| TASK GOAL |
In the listing below, identify each line with the word "Washington" and return those lines.

==== MATERIAL PROVIDED

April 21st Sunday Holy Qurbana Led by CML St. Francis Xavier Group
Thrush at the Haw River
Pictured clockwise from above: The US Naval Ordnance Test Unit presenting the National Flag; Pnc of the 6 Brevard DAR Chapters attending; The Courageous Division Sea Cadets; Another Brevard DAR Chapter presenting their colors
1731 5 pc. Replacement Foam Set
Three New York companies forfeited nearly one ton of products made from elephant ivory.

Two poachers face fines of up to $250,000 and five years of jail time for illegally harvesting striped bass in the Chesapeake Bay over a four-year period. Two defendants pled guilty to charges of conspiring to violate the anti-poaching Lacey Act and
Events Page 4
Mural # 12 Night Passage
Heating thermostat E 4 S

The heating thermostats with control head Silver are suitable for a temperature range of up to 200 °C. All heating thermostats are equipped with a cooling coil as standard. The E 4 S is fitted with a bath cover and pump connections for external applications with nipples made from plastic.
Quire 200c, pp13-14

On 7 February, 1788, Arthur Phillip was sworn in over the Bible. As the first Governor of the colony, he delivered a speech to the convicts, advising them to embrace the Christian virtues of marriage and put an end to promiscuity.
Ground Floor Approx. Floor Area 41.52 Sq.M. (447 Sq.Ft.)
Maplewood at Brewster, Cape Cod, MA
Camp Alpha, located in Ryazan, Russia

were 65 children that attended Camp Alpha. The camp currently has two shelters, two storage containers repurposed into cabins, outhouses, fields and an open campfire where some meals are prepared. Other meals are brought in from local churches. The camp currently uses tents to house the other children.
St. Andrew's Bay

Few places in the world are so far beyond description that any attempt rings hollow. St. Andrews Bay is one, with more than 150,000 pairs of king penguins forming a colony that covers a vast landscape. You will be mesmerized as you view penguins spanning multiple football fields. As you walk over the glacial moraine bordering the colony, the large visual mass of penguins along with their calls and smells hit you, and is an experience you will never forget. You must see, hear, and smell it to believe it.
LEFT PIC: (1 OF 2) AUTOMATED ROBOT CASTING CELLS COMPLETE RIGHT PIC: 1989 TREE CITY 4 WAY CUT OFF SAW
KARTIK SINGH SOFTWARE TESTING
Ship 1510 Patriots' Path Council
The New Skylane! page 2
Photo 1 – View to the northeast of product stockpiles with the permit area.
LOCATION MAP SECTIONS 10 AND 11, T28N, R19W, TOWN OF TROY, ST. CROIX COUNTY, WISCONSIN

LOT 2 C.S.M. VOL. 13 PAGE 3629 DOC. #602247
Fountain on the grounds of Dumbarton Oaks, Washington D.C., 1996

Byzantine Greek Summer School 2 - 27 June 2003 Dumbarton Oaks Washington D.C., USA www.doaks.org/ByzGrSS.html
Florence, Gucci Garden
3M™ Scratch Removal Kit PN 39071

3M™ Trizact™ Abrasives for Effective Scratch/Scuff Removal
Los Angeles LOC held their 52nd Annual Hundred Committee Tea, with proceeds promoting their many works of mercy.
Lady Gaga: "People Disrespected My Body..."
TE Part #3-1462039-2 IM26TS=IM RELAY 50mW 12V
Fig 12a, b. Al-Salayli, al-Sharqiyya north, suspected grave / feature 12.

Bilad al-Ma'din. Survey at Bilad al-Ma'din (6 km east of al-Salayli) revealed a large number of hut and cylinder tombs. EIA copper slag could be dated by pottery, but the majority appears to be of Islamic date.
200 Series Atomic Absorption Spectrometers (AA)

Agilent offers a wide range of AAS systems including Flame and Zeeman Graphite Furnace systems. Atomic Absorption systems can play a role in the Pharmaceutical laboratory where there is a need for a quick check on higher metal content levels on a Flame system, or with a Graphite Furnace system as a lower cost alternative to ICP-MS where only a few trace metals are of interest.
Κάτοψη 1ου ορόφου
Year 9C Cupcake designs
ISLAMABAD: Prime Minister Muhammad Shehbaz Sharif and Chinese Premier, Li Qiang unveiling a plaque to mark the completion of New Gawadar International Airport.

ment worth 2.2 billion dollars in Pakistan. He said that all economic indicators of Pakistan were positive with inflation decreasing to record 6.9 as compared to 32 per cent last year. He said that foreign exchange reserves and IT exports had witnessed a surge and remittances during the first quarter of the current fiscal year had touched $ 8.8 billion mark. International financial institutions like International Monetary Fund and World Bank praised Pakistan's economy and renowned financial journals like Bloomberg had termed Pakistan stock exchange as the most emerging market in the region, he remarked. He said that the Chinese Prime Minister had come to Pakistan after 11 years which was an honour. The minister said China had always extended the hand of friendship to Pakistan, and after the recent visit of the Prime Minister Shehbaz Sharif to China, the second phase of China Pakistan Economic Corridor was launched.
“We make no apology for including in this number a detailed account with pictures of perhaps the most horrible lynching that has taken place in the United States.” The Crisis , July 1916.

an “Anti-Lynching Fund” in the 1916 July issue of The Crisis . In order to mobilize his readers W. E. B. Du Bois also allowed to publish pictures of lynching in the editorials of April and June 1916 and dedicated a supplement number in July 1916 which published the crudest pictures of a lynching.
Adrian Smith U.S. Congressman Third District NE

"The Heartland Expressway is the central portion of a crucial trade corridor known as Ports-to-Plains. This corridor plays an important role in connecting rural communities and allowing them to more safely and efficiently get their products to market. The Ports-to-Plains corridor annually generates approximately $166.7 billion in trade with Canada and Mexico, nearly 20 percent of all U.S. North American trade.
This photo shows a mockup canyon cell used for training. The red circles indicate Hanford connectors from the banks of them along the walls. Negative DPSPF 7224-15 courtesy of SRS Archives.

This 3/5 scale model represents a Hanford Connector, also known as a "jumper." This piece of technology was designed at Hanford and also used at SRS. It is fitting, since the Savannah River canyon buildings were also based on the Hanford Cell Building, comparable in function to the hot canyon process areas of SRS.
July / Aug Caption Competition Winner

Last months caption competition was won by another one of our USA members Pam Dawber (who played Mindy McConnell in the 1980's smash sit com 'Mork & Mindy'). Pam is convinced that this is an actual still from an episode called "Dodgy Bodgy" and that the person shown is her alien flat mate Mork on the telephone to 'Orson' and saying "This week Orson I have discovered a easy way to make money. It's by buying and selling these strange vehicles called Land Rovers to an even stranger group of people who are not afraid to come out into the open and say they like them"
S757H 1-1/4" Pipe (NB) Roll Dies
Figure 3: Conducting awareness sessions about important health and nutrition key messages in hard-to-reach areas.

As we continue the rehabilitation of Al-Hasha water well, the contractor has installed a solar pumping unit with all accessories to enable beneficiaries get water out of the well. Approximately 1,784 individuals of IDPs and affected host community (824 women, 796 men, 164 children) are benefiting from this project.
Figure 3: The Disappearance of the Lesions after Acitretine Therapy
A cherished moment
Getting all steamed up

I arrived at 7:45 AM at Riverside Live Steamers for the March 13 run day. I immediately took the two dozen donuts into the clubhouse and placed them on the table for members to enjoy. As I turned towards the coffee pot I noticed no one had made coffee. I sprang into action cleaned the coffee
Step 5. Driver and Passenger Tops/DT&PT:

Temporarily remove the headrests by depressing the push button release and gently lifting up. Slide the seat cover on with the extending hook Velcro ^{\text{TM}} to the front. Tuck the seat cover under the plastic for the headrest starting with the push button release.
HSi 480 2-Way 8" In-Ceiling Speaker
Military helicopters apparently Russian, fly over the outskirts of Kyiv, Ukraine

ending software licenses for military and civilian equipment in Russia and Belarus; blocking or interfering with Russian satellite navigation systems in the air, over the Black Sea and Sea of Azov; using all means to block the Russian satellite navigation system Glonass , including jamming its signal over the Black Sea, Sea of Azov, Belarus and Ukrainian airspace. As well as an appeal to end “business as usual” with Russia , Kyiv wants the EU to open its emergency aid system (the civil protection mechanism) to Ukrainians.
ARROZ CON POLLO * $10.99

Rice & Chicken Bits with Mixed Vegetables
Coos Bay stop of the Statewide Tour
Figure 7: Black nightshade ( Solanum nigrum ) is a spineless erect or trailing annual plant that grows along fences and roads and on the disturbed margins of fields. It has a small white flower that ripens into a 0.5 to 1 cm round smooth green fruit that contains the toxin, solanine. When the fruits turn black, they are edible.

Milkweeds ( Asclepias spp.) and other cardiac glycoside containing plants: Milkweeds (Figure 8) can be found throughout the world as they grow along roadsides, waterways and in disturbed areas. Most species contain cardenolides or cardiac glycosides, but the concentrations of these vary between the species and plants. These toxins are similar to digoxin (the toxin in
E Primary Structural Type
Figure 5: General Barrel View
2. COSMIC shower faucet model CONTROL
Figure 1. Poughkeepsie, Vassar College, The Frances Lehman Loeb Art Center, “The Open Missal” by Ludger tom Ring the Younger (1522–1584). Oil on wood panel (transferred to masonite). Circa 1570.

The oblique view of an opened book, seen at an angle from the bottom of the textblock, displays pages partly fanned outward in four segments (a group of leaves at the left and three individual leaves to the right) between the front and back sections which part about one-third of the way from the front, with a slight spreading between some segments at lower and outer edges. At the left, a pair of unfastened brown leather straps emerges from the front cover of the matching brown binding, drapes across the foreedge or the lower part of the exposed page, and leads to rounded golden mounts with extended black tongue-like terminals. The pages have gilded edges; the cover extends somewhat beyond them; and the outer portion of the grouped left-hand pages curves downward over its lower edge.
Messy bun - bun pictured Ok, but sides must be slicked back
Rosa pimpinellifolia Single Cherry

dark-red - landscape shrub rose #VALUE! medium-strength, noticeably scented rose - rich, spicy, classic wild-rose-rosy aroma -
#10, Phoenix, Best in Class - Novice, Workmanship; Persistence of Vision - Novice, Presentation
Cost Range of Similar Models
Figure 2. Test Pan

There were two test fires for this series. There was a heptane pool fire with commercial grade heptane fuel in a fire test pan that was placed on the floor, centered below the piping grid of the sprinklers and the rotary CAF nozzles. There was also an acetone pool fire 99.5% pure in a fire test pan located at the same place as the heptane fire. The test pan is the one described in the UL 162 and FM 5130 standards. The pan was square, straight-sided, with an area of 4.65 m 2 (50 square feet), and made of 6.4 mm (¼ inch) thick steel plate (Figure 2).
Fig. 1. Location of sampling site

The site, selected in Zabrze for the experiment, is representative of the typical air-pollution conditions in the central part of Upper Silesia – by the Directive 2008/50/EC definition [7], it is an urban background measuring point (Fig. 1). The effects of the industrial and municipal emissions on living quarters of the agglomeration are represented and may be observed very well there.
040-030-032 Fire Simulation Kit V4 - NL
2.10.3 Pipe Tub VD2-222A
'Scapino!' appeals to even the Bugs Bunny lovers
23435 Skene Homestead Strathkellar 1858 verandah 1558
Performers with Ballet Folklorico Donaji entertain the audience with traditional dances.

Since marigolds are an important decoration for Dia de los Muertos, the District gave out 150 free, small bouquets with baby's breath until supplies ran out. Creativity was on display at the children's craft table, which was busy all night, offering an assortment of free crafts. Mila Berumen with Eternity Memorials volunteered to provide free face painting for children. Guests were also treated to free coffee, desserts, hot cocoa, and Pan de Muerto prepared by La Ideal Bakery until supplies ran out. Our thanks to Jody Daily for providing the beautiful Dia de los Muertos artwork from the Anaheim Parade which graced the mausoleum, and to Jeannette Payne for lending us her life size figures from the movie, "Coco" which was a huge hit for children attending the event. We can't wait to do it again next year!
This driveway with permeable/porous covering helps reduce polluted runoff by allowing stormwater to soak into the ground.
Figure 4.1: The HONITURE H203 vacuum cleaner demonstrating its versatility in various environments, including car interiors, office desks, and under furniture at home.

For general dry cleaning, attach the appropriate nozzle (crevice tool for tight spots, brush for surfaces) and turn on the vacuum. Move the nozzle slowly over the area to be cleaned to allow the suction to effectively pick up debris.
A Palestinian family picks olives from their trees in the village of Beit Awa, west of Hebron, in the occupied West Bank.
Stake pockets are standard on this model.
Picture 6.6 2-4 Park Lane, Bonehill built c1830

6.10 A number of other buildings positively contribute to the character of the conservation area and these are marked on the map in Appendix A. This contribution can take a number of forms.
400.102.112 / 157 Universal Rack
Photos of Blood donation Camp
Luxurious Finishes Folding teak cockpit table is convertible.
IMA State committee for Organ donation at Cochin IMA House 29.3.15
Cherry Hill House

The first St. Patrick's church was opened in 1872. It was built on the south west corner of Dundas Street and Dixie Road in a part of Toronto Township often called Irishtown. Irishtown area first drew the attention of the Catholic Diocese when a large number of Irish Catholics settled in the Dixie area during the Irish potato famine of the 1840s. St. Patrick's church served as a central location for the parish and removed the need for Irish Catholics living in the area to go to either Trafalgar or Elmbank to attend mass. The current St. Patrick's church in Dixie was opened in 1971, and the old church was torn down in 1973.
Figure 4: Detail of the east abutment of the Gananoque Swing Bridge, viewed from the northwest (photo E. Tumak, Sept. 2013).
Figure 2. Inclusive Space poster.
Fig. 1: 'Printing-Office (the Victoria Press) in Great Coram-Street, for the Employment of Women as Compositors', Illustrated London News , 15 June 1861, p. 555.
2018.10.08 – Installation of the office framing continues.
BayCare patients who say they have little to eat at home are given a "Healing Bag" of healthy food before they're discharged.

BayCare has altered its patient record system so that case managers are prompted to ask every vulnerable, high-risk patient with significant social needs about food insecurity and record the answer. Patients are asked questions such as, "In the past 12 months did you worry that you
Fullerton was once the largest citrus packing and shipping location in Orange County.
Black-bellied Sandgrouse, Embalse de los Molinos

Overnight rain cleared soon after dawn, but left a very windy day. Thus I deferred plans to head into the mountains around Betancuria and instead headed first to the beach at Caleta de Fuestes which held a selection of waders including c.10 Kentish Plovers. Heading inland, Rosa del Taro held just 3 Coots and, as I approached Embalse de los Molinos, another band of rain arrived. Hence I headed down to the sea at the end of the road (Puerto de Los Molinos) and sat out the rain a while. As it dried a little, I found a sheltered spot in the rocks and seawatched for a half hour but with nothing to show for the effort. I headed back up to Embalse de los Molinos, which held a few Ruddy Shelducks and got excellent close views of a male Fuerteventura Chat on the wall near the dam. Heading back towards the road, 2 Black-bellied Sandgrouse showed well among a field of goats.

========

| ANSWER TO THE EXERCISE |
Fountain on the grounds of Dumbarton Oaks, Washington D.C., 1996
Byzantine Greek Summer School 2 - 27 June 2003 Dumbarton Oaks Washington D.C., USA www.doaks.org/ByzGrSS.html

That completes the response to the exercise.